Certain albums just radiate a lot more groove than others, and with its hoodoo rhythms, souped-up dub textures and “When the Levee Breaks”-style drum surges, The Process is, at times, that rare brand of jazz that can double as club music.
Red Hot Chili Peppers drummer Chad Smith provides a lot of the direction here, his thudding tom-toms popping with electric urgency while retaining a deep-bottomed texture, like something crackling through the lower regions of a swamp. “Drop Away” reveals the plan for the build, as it were: Overlay some guest vocals-courtesy of Tunde Adebimpe, in this case-atop that percussive foundation and have Jon Batiste’s smoky organ tones let in some electric-Miles funk while Bill Laswell’s bass churns in four- and five-note patterns beneath it all.
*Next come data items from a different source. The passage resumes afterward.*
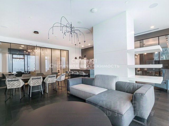 ID: 224232 Квартира, где роскошь становится естественной средой — 222 м² в МФК "Город Столиц", Москва-Сити, Пресненская набережная, д.8, стр.1. Интерьер — это гармония дизайнерской мысли и безупречного вкуса: мраморные поверхности, редкие породы дерева, авторские световые решения и панорамные окна, открывающие захватывающие виды на столицу. Пространство наполнено светом и воздухом, а каждая деталь отделки продумана до совершенства. Гостиная площадью 109 м² — настоящий центр притяжения, где масштаб и эстетика создают атмосферу для больших приёмов и тихих вечеров. Пространство зонировано с особым вниманием к комфорту: барная стойка для утренних завтраков плавно переходит в обеденную зону со столом на восемь персон, а диванная группа у камина формирует уютное место для отдыха и общения. Дополняют композицию два изящных диванчика у панорамных окон — идеальное место, чтобы любоваться городскими огнями и ощущать дыхание мегаполиса. Мастер-спальня — приватный сьют с ванной комнатой и гардеробной, оформленный в спокойных, глубоких тонах. Кабинет легко трансформируется во вторую спальню, сохраняя концепцию приватности и комфорта. Обе спальни — полноценные сьюты, каждая с собственной ванной и гардеробной, что делает планировку идеально сбалансированной. Высокий уровень отделки подчеркивает статус и уникальность пространства: от текстурных стеновых панелей до изысканных декоративных акцентов. Это место, где Москва-Сити перестаёт быть видом из окна и становится частью вашей истории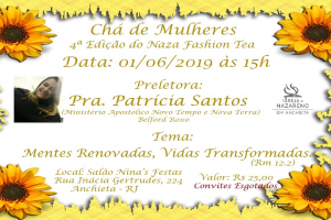Tema: Mentes renovadas, vidas transformadas. (Rm 12.2) Data: 01/06/19 Horário: Às 15H Preletora: Prª Patrícia Santos (Ministério Apostólico Novo Tempo e Nova Terra) Local: Salão Nina's Festas - Rua Inácia Gertrudes, 224 Anchieta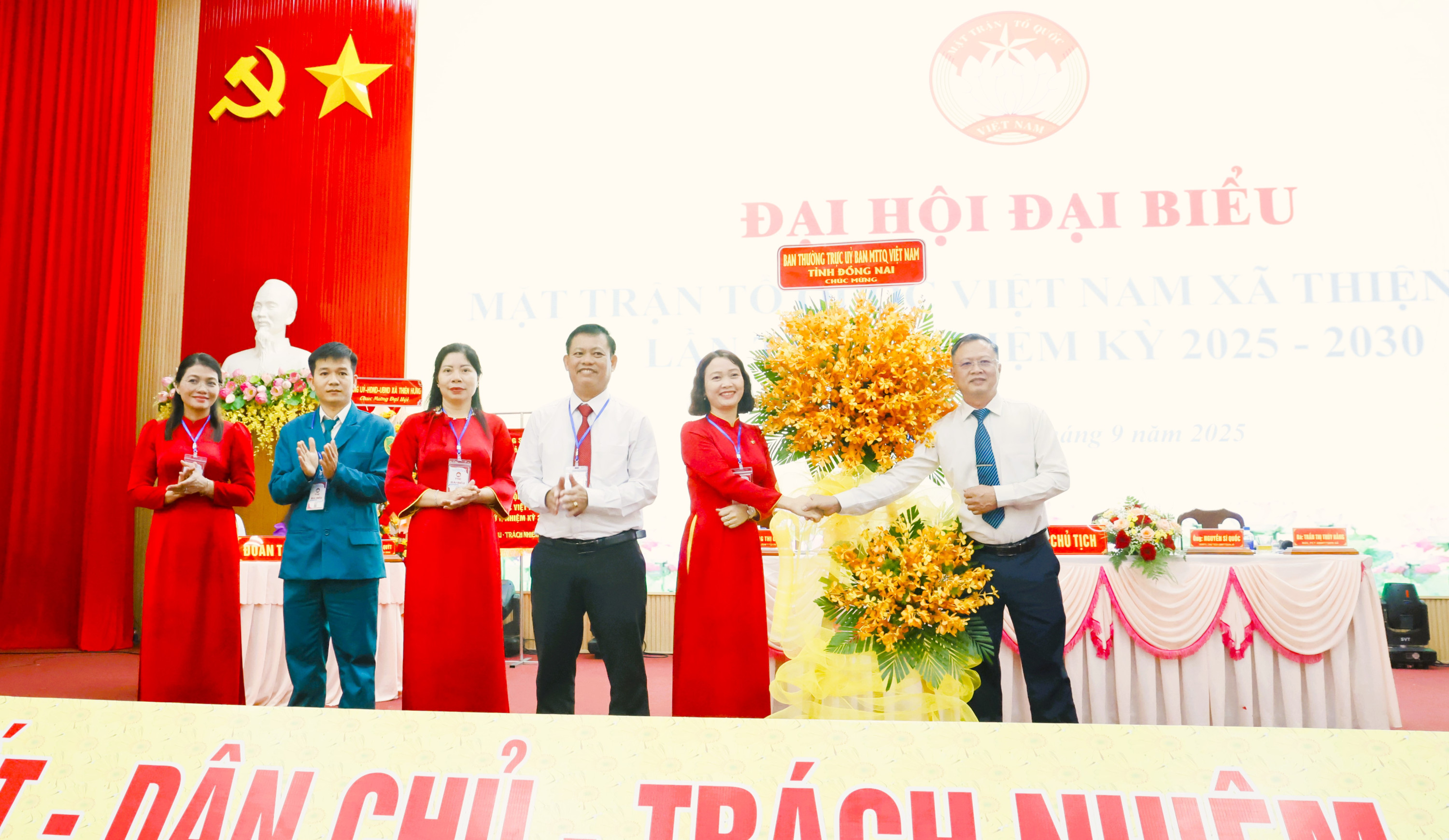Lãnh đạo UBMTTQ Việt Nam tỉnh Đồng Nai và lãnh đạo xã Thiện Hưng tặng hoa chúc mừng các Uỷ viên UBMTQ Việt Nam xã Thiện Hưng nhiệm kỳ 2025-2030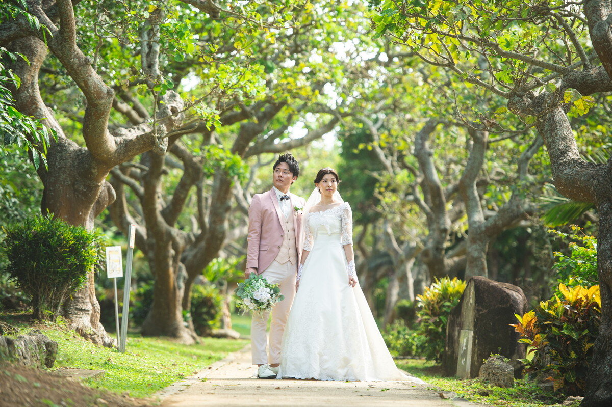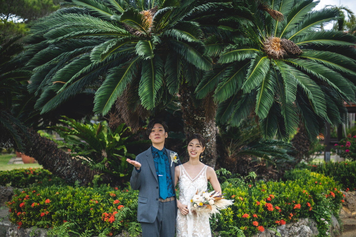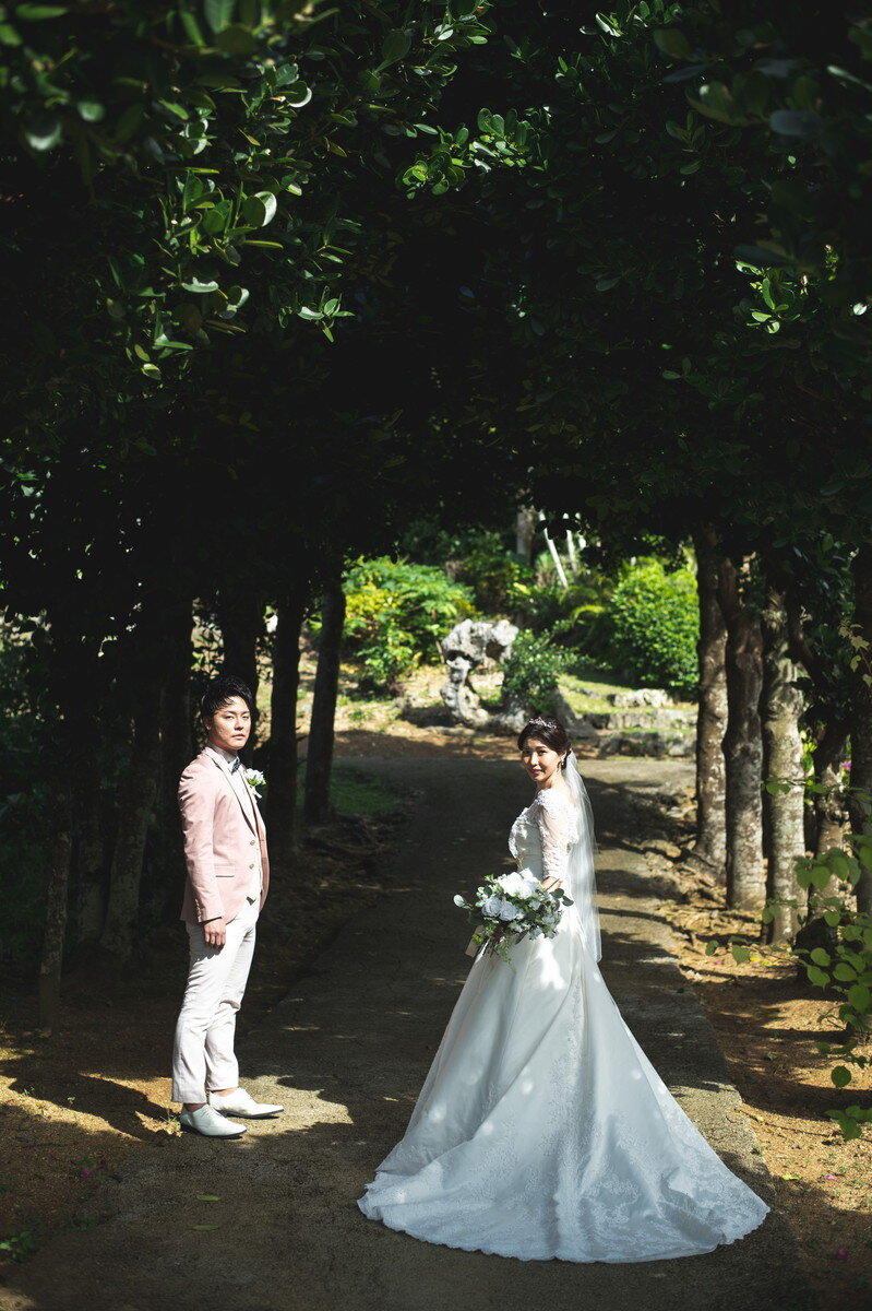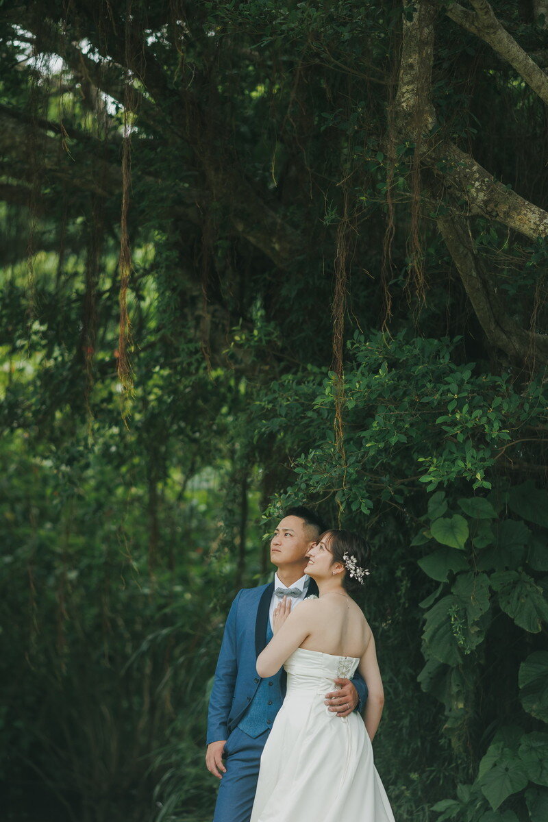 宮古島の静かな森に広がる 熱帯植物園。濃く鮮やかな緑、個性豊かな熱帯植物、木漏れ日が揺れる明るい散策路――。ここに流れるゆったりとした空気は、まるで自然に抱きしめられているよう。海とはまた違う、植物に満ちた豊かな表情が、ふたりのフォトウエディングに優しい彩りを添えます。

There’s R&B here, too, and something like “Timeline” comes off as a late-night, post-gig Slim Harpo vamp, but with more throb. Some of the songs-“Haunted”-are too freighted with that loose jam-band attitude, but even there we’re talking some arresting aural wallpaper, with wah-wah blasts and Ginger Baker polyrhythms and an abiding sense of some guys just getting flat-out locked-in together. “Black Arc” could double as part of an updated soundtrack to those 1970s Christopher Lee vampire pictures, with some garage-band organ spliced in for the requisite kitsch. A grower, and a very handy set for those moments when you want to work on the club moves you’re never going to bust out.